Emerging roles for protein histidine phosphorylation in cellular signal transduction: lessons from the islet beta-cell

Protein phosphorylation represents one of the key regulatory events in physiological insulin secretion from the islet β-cell. In this context, several classes of protein kinases (e.g. calcium-, cyclic nucleotide- and phospholipid-dependent protein kinases and tyrosine kinases) have been characterized in the β-cell. The majority of phosphorylated amino acids identified include phosphoserine, phosphothreonine and phosphotyrosine. Protein histidine phosphorylation has been implicated in the prokaryotic and eukaryotic cellular signal transduction. Most notably, phoshohistidine accounts for 6% of total protein phosphorylation in eukaryotes, which makes it nearly 100-fold more abundant than phosphotyrosine, but less abundant than phosphoserine and phosphothreonine.

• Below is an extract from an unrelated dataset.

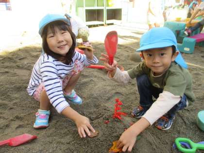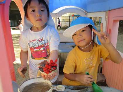 「○○ちゃんのつくったケーキおいしそうだね」「一緒に飾りつけしようよ」「僕はごはんもつくるね」と友達と一緒に話をしながら、気持ちの良い秋晴れの空の下、仲良く遊んでいました。

However, very little is known about the number of proteins with phosphohistidines, since they are highly labile and are rapidly lost during phosphoamino acid identification under standard experimental conditions. The overall objectives of this review are to: (i) summarize the existing evidence indicating the subcellular distribution and characterization of various histidine kinases in the islet β-cell, (ii) describe evidence for functional regulation of these kinases by agonists of insulin secretion, (iii) present a working model to implicate novel regulatory roles for histidine kinases in the receptor-independent activation, by glucose, of G-proteins endogenous to the β-cell, (iv) summarize evidence supporting the localization of protein histidine phosphatases in the islet β-cell and (v) highlight experimental evidence suggesting potential defects in the histidine kinase signalling cascade in islets derived from the Goto-Kakizaki (GK) rat, a model for type 2 diabetes. Potential avenues for future research to further decipher regulatory roles for protein histidine phosphorylation in physiological insulin secretion are also discussed.